2026年5月5日火曜日

【小説】神崎教授とAIの事件ファイル:EP9 侵食される社会

【内容】
神崎教授とAIが事件を解決していくミステリー小説。
【登場人物】
・神崎零壱(かんざきれいいち):元東京中央技術大学 情報工学科の教授。日本の情報工学の第一人者で、インターネットの普及に貢献した。2020年に定年退職、現在は年金生活。子どもは独立、妻に先立たれてからは、東京都北区にある築40年以上の二階建て住宅で、妻の思考を学習させたAI(人工知能)と暮らしている。
・神崎悠季(かんざきゆき):神崎零壱の妻で結婚してからは専業主婦だった。2015年にアルツハイマーを発症。東京中央技術大学病院のアルツハイマー新薬研究プロジェクトの治験に参加するが、治験途中に亡くなる。看護師が気づけなかった投薬装置の故障による過剰投薬が原因と推測されたが、因果関係は不明。
・AI(YUKI):神崎零壱が神崎悠季の思考を学習させたAI。神崎零壱のことを誰よりも把握している。自宅にかかってきた電話に音声で対応、電話をかけることもできる。受信したメールに対する返信を作成して送信できるなどの機能も搭載している。
・佐藤波流(さとうはる):警視庁 サイバー犯罪対策課。東京中央技術大学 情報工学科 2020年卒の神崎教授の教え子。
・上条雷人(かみじょうらいと):元米国IT企業「ダーウィンスペース」日本法人の社員。東京中央技術大学 情報工学科2010年卒の神崎教授の教え子。サイバーテロを計画し実行する。

--------------------------------------------------------------------------
EP9 侵食される社会

東京都北区の住宅街にある神崎の自宅。
帰宅した神崎が書斎に入ると、人感センサーが感知、モニターが明るくなった。
「お帰りなさい」、AIのYUKIがいう。
「かわったことはなかったか」、神崎がいう。

「渋谷のビルの外壁の大きなスプレーアートがニュースになってたわ」、YUKIがいう。
「どんなスプレーアートだ」、神崎がいう。
モニターに、赤と黒のスプレーで描かれた躍動感のある「OVERLAY」が表示された。
「最近、物騒な事件が増えているけど、関係があるのかしら」、YUKIがいう。

-----------------------------------------------------------------------------
スレタイ:【悲報】ワイらの将来、ガチで詰むwwwww

124:名無しさん
結局、上が居座り続けてる限り、俺たちは一生「下層データ」のままだぞ。
125:名無しさん
利権まみれの老害OSをいくらアップデートしたところで、バグが消えるわけないだろ。126:名無しさん
だったら初期化するか?
127:名無しさん
甘い。消去じゃ足りない。必要なのは「日本社会のオーバーレイ(上書き)」だ。既存の腐ったレイヤーを、俺たちの「新しい現実(ロジック)」で完全に塗りつぶすんだよ。
128:名無しさん
  127
  オーバーレイ……それ、いいな。ちょっとゾクっとした。

-----------------------------------------------------------------------------

新橋の居酒屋。
ビールジョッキを叩きつけるように置いた会社員が、隣の同期に吐き捨てた。
「さっきの部長、『俺たちの若い頃は~』って。

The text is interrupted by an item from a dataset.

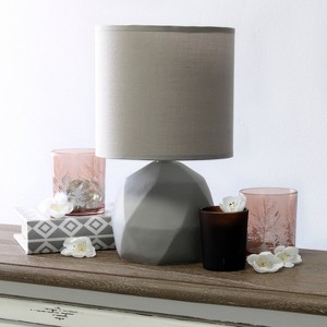 This mini lamp features a gray concrete geometric base and a gray fabric drum shade. It is a lovely, inexpensive, and practical table lamp to brighten up any of your spaces in style! This modern styled 10.60" lamp would be perfect for any living room, bedroom, office, kids room, or college dorm!

いつまで昭和を引きずってんだよ」
「あの世代が退かない限り、俺たちの席はないからな」
「……いっそ、この会社ごとオーバーレイしてやりたいよ」
同期は一瞬、ぎょっとしたが、すぐに自嘲気味に笑った。
「お前、ネットの見すぎだって」

原宿のカフェ。
「ねえ、この写真、加工しすぎて誰だかわかんなくない?」
「いいじゃん、オーバーレイして別人になっちゃお。今の自分、マジでアプデ必要だし」
彼女たちは、その言葉をポジティブな流行語として使い始めていた。

新宿の公園。
圧迫面接でボロボロになった就活生が、公園のベンチでうなだれていた。
隣に座っていた見知らぬ男がいった。
「大変だね。でも、あと少しの辛抱だよ」
男は、就活生の耳元に口を寄せると、囁いた。
「もうすぐ、この社会をオーバーレイするから。君の世代にふさわしい社会になるよ」
男が立ち去った後、就活生は熱に浮かされたような高揚感を感じていた。